レベルアップと戦勝の時は不可避のエロイベントか……これは覚えておかないと。
恐らく、というより確実にこの件は王城内で瞬く間に広まるだろう。
そうなると英傑美少女たちによる国王の貞操の奪い合いが始まる。あらゆる状況、機会、その全てに目を光らせて子作りチャンスを窺って血で血を洗うような刃傷沙汰が確実に起きる。今回のように不意の出来事ならともかく、『戦勝』などの分かりやすい機会となれば戦争の次は内紛が起きるのは避けられない。
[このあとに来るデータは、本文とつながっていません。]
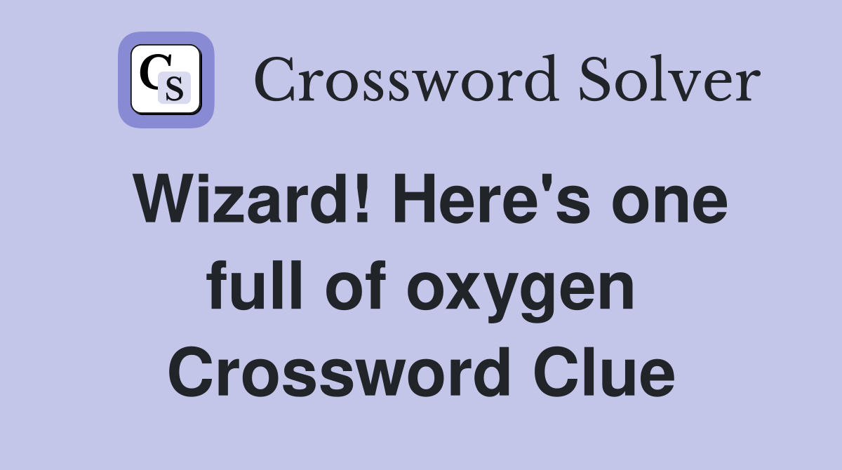 Wizard! Here's one full of oxygen Crossword Clue Answers Crossword

「事前に決めておかなくちゃ……誰をどの順で抱くのか。それもその後の生まれる子の処遇と責任も……これ、思ったより大変だな……」
闇の軍勢との戦争、伏魔殿と化した英傑美少女たちの王城内の力関係、そして内政パートの国家経営とやることは山積みである。ハーレムとか気にしてる場合ではなく、全てを上手くやらなければ破滅する状況。それも自分の命だけならまだしも、英傑美少女たちや国民となる者たち、そして生まれる俺の子供たちと、背負うべきもの全てに対して国王としての責任があるのだ。
「まっ、やるだけやってみ――――」
「大変です陛下!王城内で臣下たちの喧嘩があちこちで勃発しております!」
忠誠心MAXの英傑美少女たちの貞操を賭けた血みどろの争いのゴングは鳴った。次は誰が国王と寝るのかを巡って、当人を差し置いて今のうちに序列付けを画策する彼女たちの、闇の軍勢との戦争を前にしてその前哨戦となる争いとその仲裁のために俺が城内を駆け巡ることとなる。